After the Court and your attorney receive the Defendants ANSWER, the Court will then issue everyone a "SCHEDULING ORDER"  which generally sets out a timeline for the upcoming events in the case including the TRIAL date itself.  Don't be shocked to learn from this document that your trial date is a year or more away.  Wheels of justice turn very slowly when you are the Plaintiff. 

Now, it is time for each party to share or swap documents, material evidence and any other items they may have, in their possession or control, pertaining to your case.   This phase is known as "DISCOVERY" where each party is required to share any and all information they may have with the other parties to the suit.  Withholding this type information from the others can get you fines from the Court known as SANCTIONS.

From this point on, there will be a lot of back and forth action between the Court, your attorney, and the defendants attorneys as everyone begins to posture their side of the arguments surrounding your case claims of wrong doing by the defendants.  This can take months...

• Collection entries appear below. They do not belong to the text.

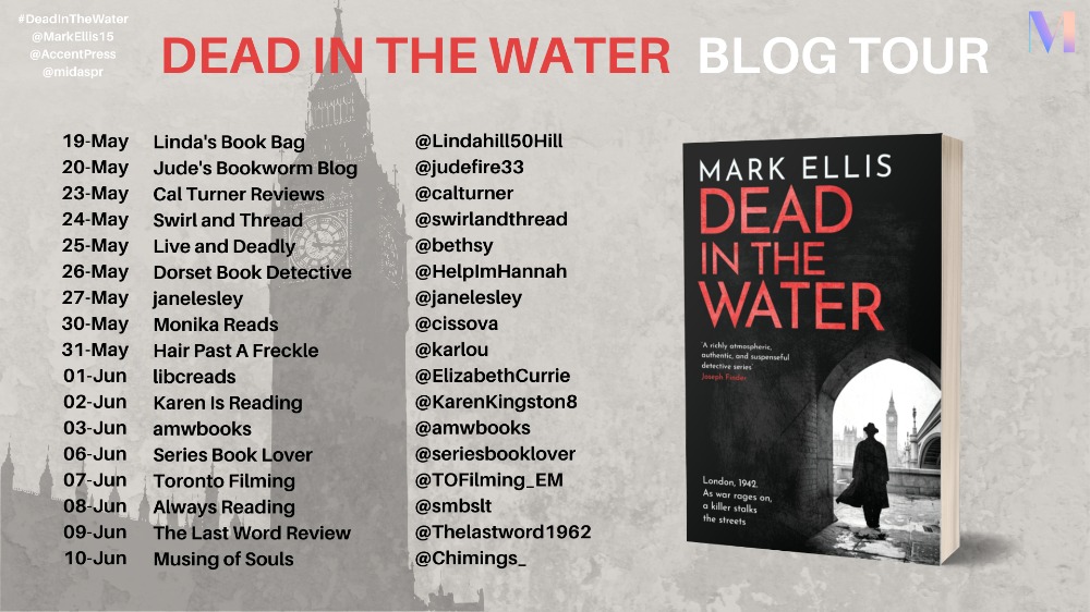 Dead In The Water is the fifth book in the acclaimed DCI Frank Merlin historical detective series and can be read as a standalone. The third novel in the series, Merlin at War, was on the CWA Historical Dagger Longlist in 2018.
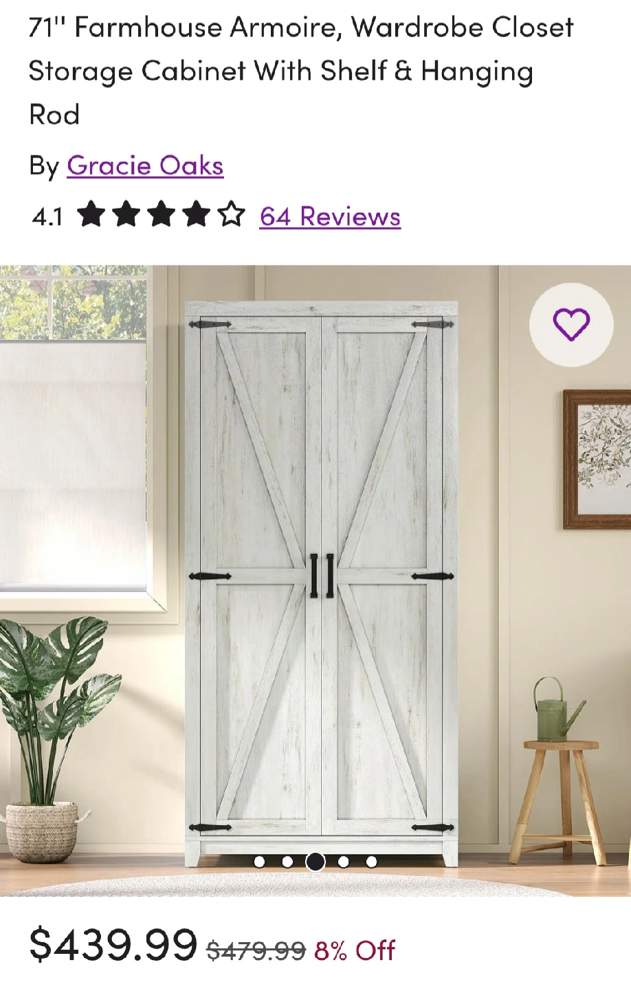 This Gracie Oaks farmhouse armoire is a stylish and functional wardrobe closet. It features a shelf and hanging rod for ample storage. The armoire is 71 inches tall, 32 inches wide, and 20 inches deep. It was originally listed for $479.99 but is now on sale for $439.99. It has a sturdy aluminum clothes hanging pole and stable wooden feet
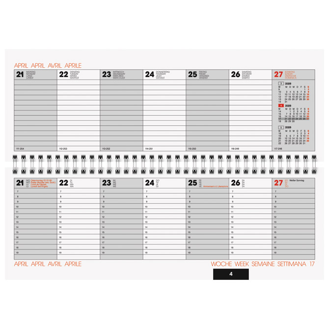 dimenzija: 297x 105 mm; izrađen je od prirodnog kartona od konoplje; svake dvije stranice predstavljaju jedan tjedan; tiskane oznake za mjesece na donjoj uzdužnoj strani; tekst na: engleskom, njemačkom, francuskom i talijanskom; dnevna raspodjela je od 7 do 19 sati s oznakama za sate; sadrži 2 stranice mjesečnog plana za trenutnu godinu i 2 stranice za sljedeću godinu;spiralni uvez; ukupno ima 112 stranica
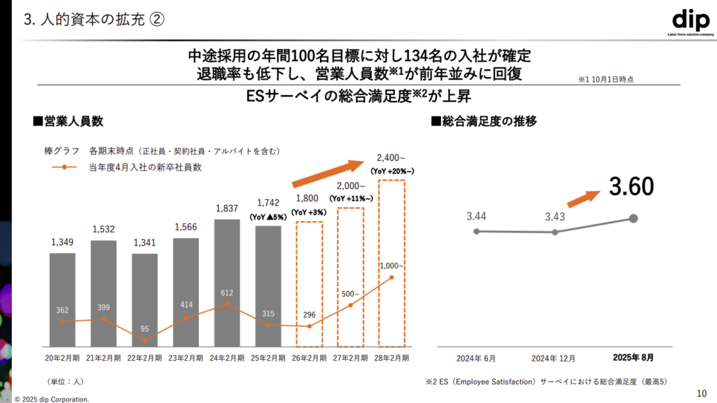 ディップは、営業体制の刷新とスポットワーク領域への投資を軸に、事業基盤の強化を進めています。ソリューション営業体制への移行に伴う一時的な契約社数の減少はありましたが、営業人員の回復や行動量の改善により、今後の持ち直しが期待されます。
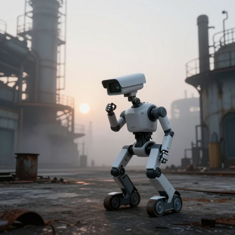 Surveillance robot patrolling a deserted industrial complex at dawn, with mist swirling around rusty metal structures, conveying a sense of isolation and futuristic vigilance in a post-apocalyptic environment.
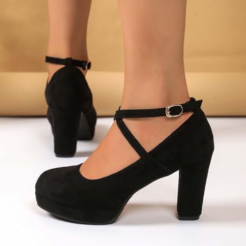 HOT ! Women's Chunky Heel Mary Jane Pumps Platform Round Toe Dress Shoes with Suede Buckle Strap Comfortable High Heels for Wedding, Office & Evening Party Outfits
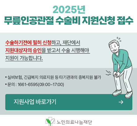 ※ 병원 진단서 등 '슬관절 인공관절이 필요한 상태'임을 증명할 수 있어야 합니다.
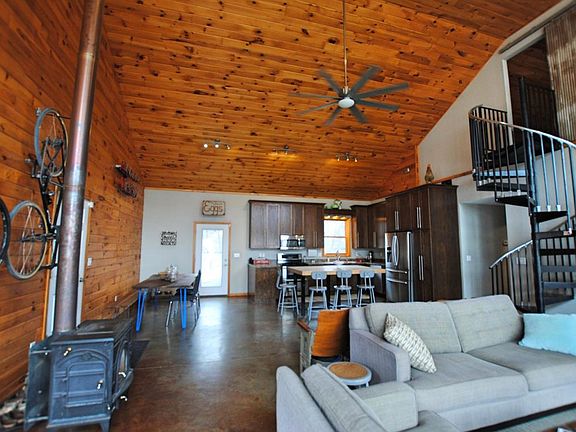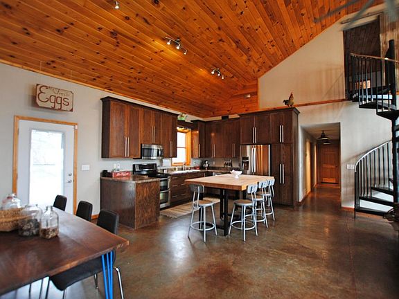 This contemporary home on 10 private acres is EXACTLY what you've been searching for! The passive solar design creates a wall of windows and soaring ceilings to highlight the living room, with a spiral staircase to the bonus family room and 4th bedroom up. Custom cabinets complement the newer stainless appliances in the kitchen, and you will fall in love with the hand-crafted butcher block island. Main level laundry and 4 spacious bedrooms ensure everyone has their own space, with the master showcasing a jetted tub, step in shower and his and her's closets. The woodstove in the living room provides a cozy setting to enjoy the convenience of being close to everything but the feeling of being miles from anything.
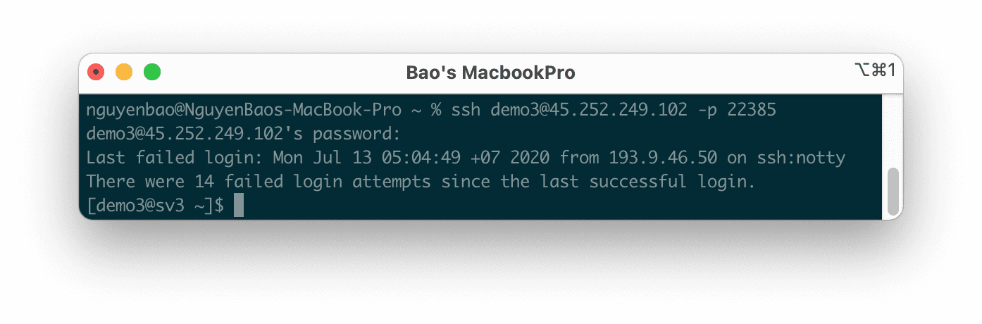 So I have SSH successfully with user demo3. Remember to SSH with the SSH port of your server; my VPS SSH port is 22385, so I will add -p 22385 after the SSH information.

As the Trial Date approaches, the Judge named to your case will usually order a meeting known as a SETTLEMENT CONFERENCE.   This is where all parties to the suit get together in one place and attempt to settle their differences in hopes of settling the law suit with you.  The likelihood of reaching a settlement is greatly increased by how strong your case is with evidence of both personal injuries, and proof of wrong doing by the defendants.  Also to be taken into consideration will be the amount of recovery you and your attorney are asking for in settlement of your suit.  The more realistic your recovery amount is the more likely it could be settled during that conference.  By realistic I mean the recovery amount matching the proposed degree of injuries and the cost of meeting the future care of these injuries plus any loss of past and future income.  Your attorney has all the formulas for figuring this out so that he can generate the most appropriate recovery amount to ask for.

If the SETTLEMENT CONFERENCE fails, then you have usually about 2 weeks to prepare for trial.  Settlement can be reached at any time during this 2 week period and the very last minute before entering the court room on the day of your trial.  So, don't get too depressed if a settlement is not reached during the SETTLEMENT CONFERENCE.

I have by no means listed each and every event that takes place along your path to the court house and the trial.  I have tried to hit the high spots to show you that a law suit of this nature is not quick nor an easy task.  There are many hurdles your attorneys have to clear before a judge can even grant your case a trial date.  One of those hurdles is called the Daubert Theory and is used in most states.  This is perhaps the most difficult hurdle to clear because it calls for your attorney to demonstrate to the court that he has an expert witness who has been able to connect your alleged injuries with your use of Aldara in the terms of pharmacological drug actions and known side effects for Aldara that can all be attributed to your use of the drug.  If this expert witness, usually a doctor or pharmacologist, is successful at presenting his argument and evidence for such, the judge will then agree there is enough evidence in fact to go forward to trial.  If your attorneys cannot present enough evidence to convince the judge of a connection between your injuries and Aldara, your case ends at this point or your attorney has to scramble around and find another witness that can meet the terms of the Daubert Theory before the deadline to do so previously set by the court in the COURT SCHEDULING ORDER.